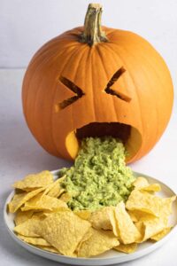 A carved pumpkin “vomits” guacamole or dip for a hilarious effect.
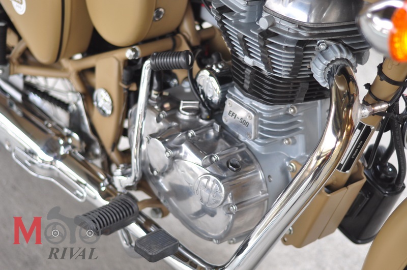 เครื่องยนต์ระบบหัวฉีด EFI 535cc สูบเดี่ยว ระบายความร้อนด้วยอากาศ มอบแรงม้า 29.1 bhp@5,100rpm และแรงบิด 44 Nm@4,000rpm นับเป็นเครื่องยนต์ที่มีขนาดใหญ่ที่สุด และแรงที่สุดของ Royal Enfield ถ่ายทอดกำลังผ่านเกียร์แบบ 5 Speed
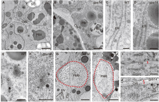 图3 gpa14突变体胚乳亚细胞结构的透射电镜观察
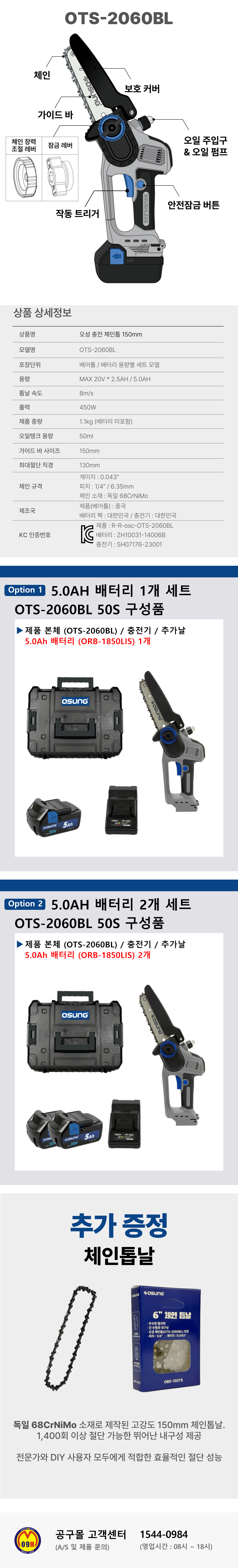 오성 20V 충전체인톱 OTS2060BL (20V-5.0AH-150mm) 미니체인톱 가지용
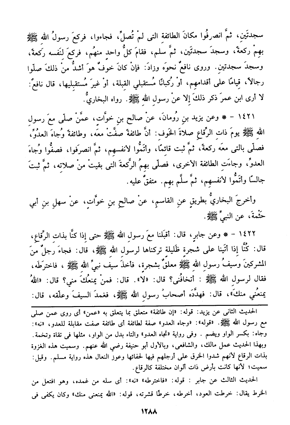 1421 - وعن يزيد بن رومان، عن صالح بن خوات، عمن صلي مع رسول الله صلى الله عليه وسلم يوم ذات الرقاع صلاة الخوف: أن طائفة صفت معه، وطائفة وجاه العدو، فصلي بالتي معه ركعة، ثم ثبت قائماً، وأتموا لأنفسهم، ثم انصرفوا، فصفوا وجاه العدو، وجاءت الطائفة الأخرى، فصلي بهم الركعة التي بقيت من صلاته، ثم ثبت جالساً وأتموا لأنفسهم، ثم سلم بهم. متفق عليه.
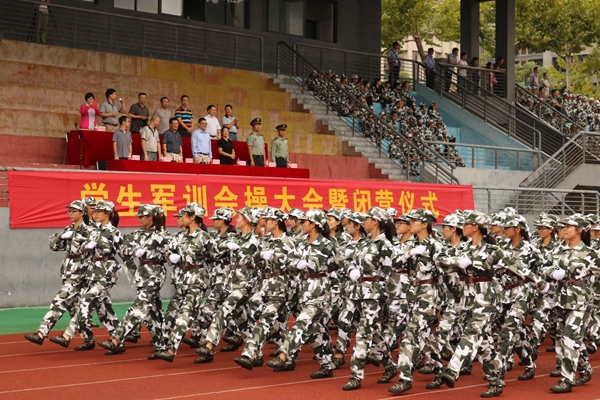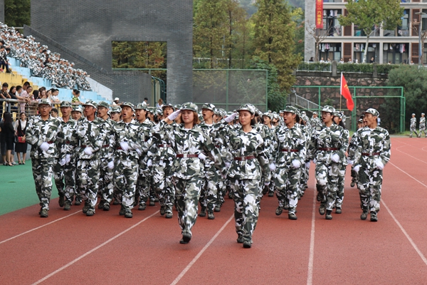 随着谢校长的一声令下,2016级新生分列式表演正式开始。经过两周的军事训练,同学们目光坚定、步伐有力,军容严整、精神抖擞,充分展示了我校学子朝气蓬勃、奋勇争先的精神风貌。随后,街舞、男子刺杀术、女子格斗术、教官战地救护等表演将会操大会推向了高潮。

# # # #

• About this task: Everything from the line containing "图3 gpa14突变体胚乳亚细胞结构的透射电镜观察" through the last line of the entries is to be output exactly as written, minus any pictures.

• Answer to this exercise:
 图3 gpa14突变体胚乳亚细胞结构的透射电镜观察
 오성 20V 충전체인톱 OTS2060BL (20V-5.0AH-150mm) 미니체인톱 가지용
 1421 - وعن يزيد بن رومان، عن صالح بن خوات، عمن صلي مع رسول الله صلى الله عليه وسلم يوم ذات الرقاع صلاة الخوف: أن طائفة صفت معه، وطائفة وجاه العدو، فصلي بالتي معه ركعة، ثم ثبت قائماً، وأتموا لأنفسهم، ثم انصرفوا، فصفوا وجاه العدو، وجاءت الطائفة الأخرى، فصلي بهم الركعة التي بقيت من صلاته، ثم ثبت جالساً وأتموا لأنفسهم، ثم سلم بهم. متفق عليه.
 随着谢校长的一声令下,2016级新生分列式表演正式开始。经过两周的军事训练,同学们目光坚定、步伐有力,军容严整、精神抖擞,充分展示了我校学子朝气蓬勃、奋勇争先的精神风貌。随后,街舞、男子刺杀术、女子格斗术、教官战地救护等表演将会操大会推向了高潮。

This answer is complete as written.